## Input data
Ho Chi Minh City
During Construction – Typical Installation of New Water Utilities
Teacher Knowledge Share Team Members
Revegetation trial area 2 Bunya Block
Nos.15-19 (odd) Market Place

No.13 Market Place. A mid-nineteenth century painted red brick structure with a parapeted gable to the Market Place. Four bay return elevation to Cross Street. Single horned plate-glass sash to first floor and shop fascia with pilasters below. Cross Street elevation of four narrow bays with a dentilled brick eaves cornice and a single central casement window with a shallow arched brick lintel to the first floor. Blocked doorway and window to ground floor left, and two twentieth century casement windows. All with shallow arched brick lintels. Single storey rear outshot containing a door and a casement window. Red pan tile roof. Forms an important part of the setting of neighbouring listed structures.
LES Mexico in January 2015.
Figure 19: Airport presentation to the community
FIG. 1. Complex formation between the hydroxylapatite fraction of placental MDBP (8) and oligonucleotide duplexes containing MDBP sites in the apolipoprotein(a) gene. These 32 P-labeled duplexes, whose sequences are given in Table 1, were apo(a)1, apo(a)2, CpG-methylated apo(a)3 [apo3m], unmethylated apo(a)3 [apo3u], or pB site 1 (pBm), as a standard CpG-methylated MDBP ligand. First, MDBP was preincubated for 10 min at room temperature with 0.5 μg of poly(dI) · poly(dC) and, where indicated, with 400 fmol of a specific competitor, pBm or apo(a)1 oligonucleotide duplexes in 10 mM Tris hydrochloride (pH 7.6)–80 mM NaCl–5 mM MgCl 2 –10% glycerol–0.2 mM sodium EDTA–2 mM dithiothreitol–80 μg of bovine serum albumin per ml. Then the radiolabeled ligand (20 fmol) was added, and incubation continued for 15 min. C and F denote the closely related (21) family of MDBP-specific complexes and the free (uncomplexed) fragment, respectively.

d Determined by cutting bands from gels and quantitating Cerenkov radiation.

--

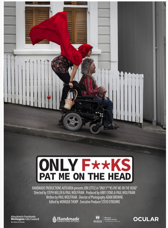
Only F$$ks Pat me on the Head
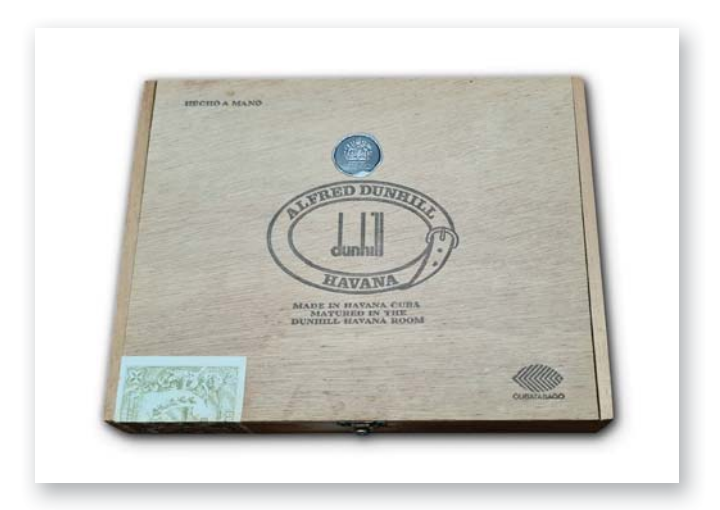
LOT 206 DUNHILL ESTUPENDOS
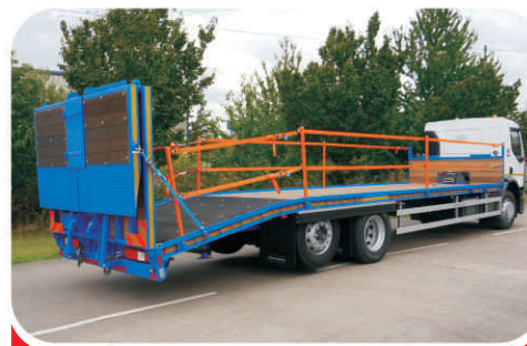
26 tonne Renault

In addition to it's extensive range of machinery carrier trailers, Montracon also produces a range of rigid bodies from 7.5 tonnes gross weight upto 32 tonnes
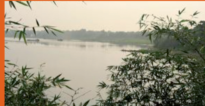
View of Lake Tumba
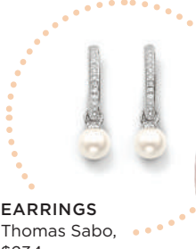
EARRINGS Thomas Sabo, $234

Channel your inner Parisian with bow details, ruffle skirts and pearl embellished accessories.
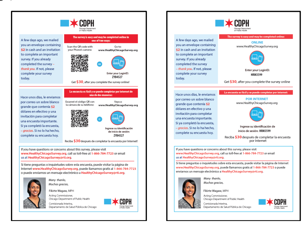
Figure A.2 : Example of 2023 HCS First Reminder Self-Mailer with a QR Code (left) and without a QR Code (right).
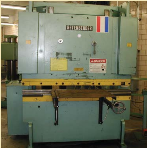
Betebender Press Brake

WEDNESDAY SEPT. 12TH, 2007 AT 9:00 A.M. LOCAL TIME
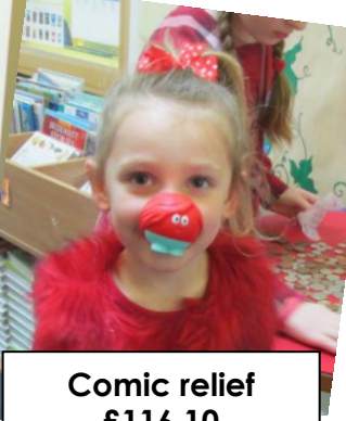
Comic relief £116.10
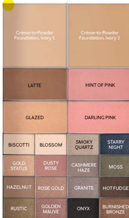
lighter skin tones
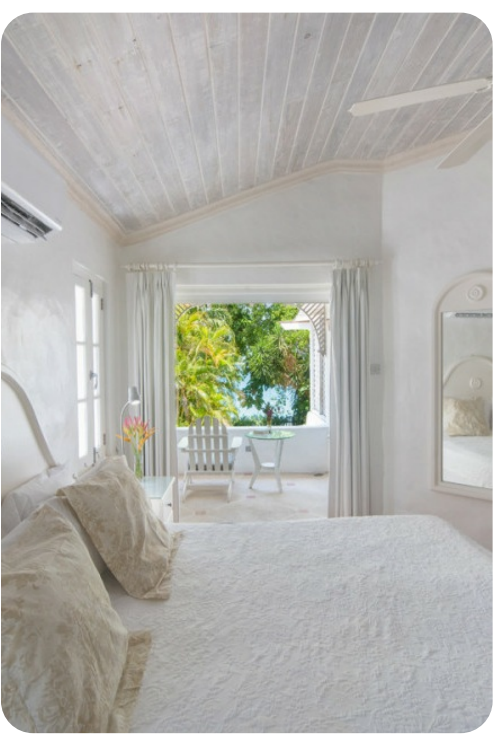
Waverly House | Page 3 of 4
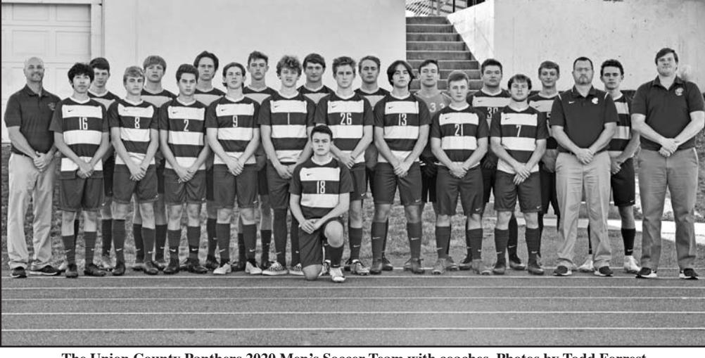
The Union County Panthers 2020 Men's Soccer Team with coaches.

## Exercise
Starting at the line containing "Waverly House | Page 3 of 4" and stopping at the line containing "The Union County", output every line above exactly, both ends included, with pictures omitted.

## Result for this exercise
Waverly House | Page 3 of 4
The Union County Panthers 2020 Men's Soccer Team with coaches.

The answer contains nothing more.